___ Material provided
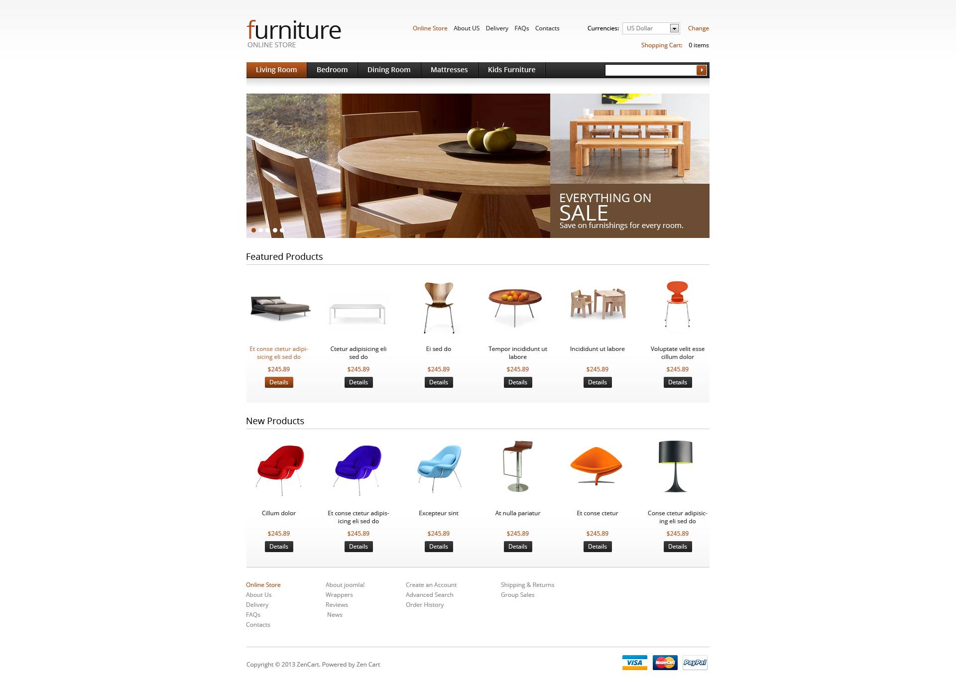 Clean minimalistic approach has been applied to this design. The elements are placed over simple fair background. Soft brown colors used in the layout are associated with natural wooden materials. Animation effects on slider images flip mildly draw visitor's attention. Content area includes two sections, where products stand in six columns and zoom in on hovering.
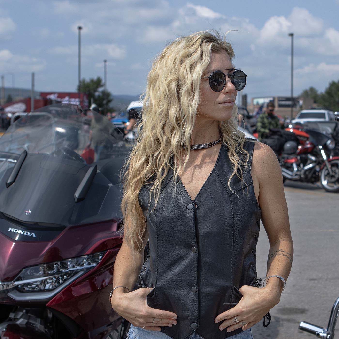 Milwaukee Leather MLL4546 Women's Black Premium Leather Lightweight V-Neck Motorcycle Rider Vest w/ Side Laces
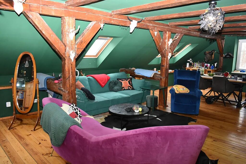 První byt 4kk o velikosti 96,8m2, druhý byt velký 3kk o velikosti175,4m2 a ještě byt 2kk o velikosti 72,3m2. Tyto byty mají společnou zahradu s bazénem a skleníkem. Parkování u domu pro cca 15 aut. Zdroj vody je kopaná studna a septik s trativodem. Rekonstrukce probíhala postupně od roku 2003 až do roku 2010.
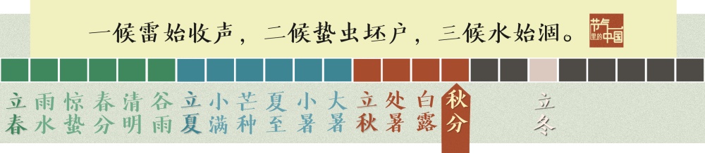 每年的公历9月22日至24日,当太阳到达黄经180度,我们迎来二十四节气中第十六个节气,也是秋季第四个节气——秋分。秋分日后,太阳直射位置南移,北半球昼短夜长,昼夜温差加大,气温逐日下降,从此一步步走向深秋。
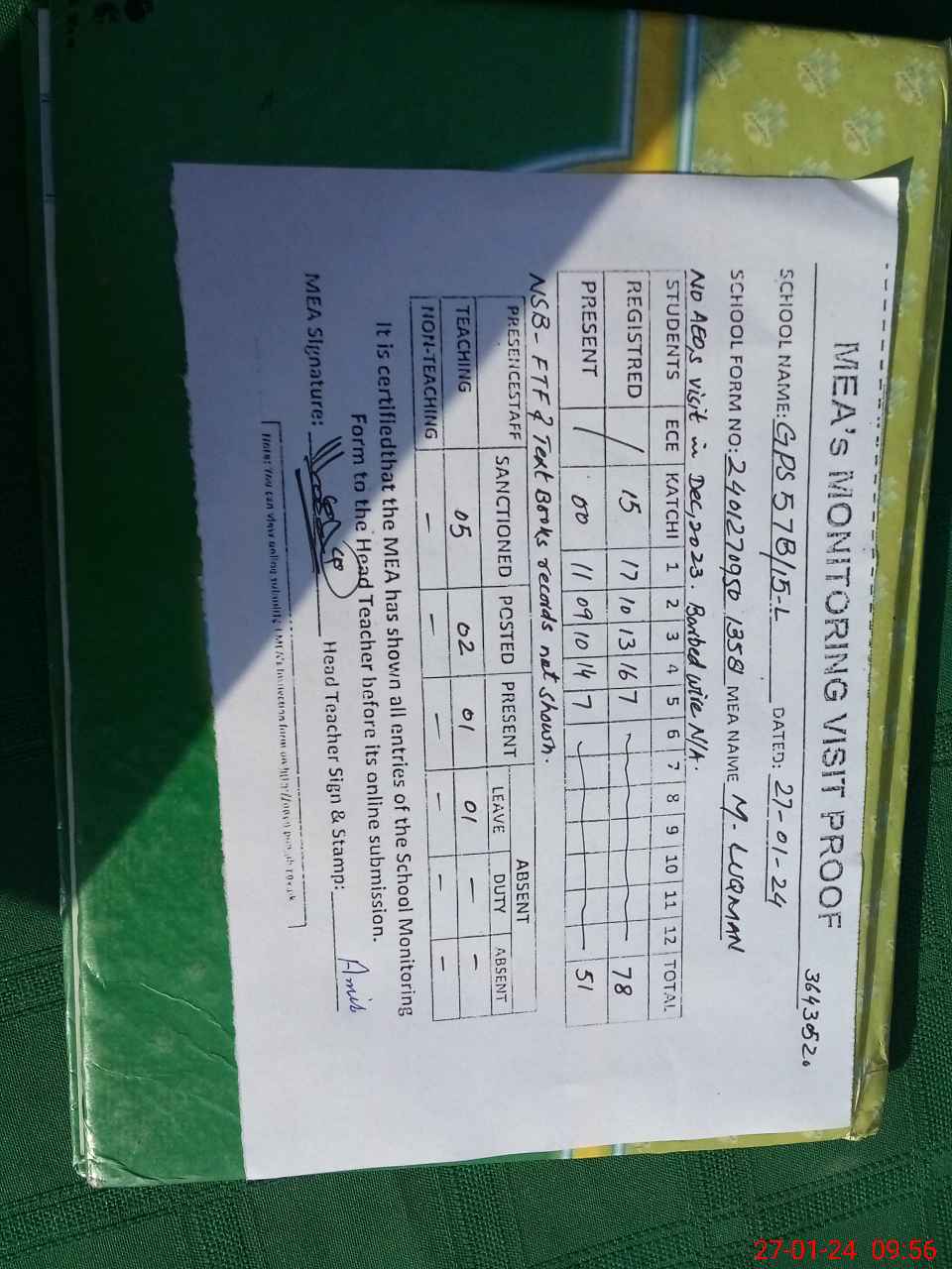 | EMIS Code: 36430520 | Name of School: GPS CHAK NO. 57-B/15-L | |||
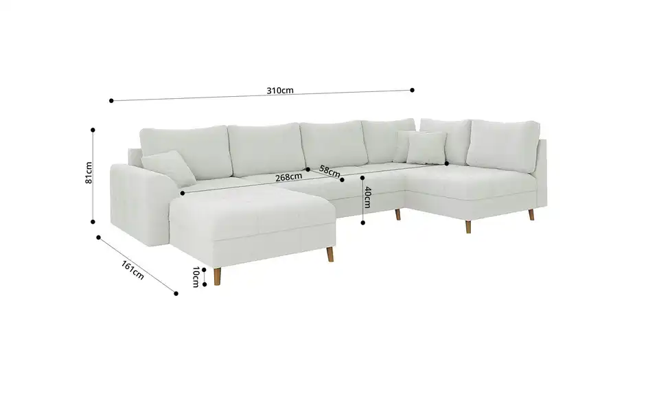 - Lieferumfang / mitgeliefertes ZubehörWohnlandschaft, Hocker, Montagematerial, 3 x Zierkissen
______
- Task instructions -
Write out again, exactly, each line from the one with "Milwaukee Leather MLL4546" to the end of the entries. No pictures go in.

- Reply to the task -
 Milwaukee Leather MLL4546 Women's Black Premium Leather Lightweight V-Neck Motorcycle Rider Vest w/ Side Laces
 První byt 4kk o velikosti 96,8m2, druhý byt velký 3kk o velikosti175,4m2 a ještě byt 2kk o velikosti 72,3m2. Tyto byty mají společnou zahradu s bazénem a skleníkem. Parkování u domu pro cca 15 aut. Zdroj vody je kopaná studna a septik s trativodem. Rekonstrukce probíhala postupně od roku 2003 až do roku 2010.
 每年的公历9月22日至24日,当太阳到达黄经180度,我们迎来二十四节气中第十六个节气,也是秋季第四个节气——秋分。秋分日后,太阳直射位置南移,北半球昼短夜长,昼夜温差加大,气温逐日下降,从此一步步走向深秋。
 | EMIS Code: 36430520 | Name of School: GPS CHAK NO. 57-B/15-L | |||
 - Lieferumfang / mitgeliefertes ZubehörWohnlandschaft, Hocker, Montagematerial, 3 x Zierkissen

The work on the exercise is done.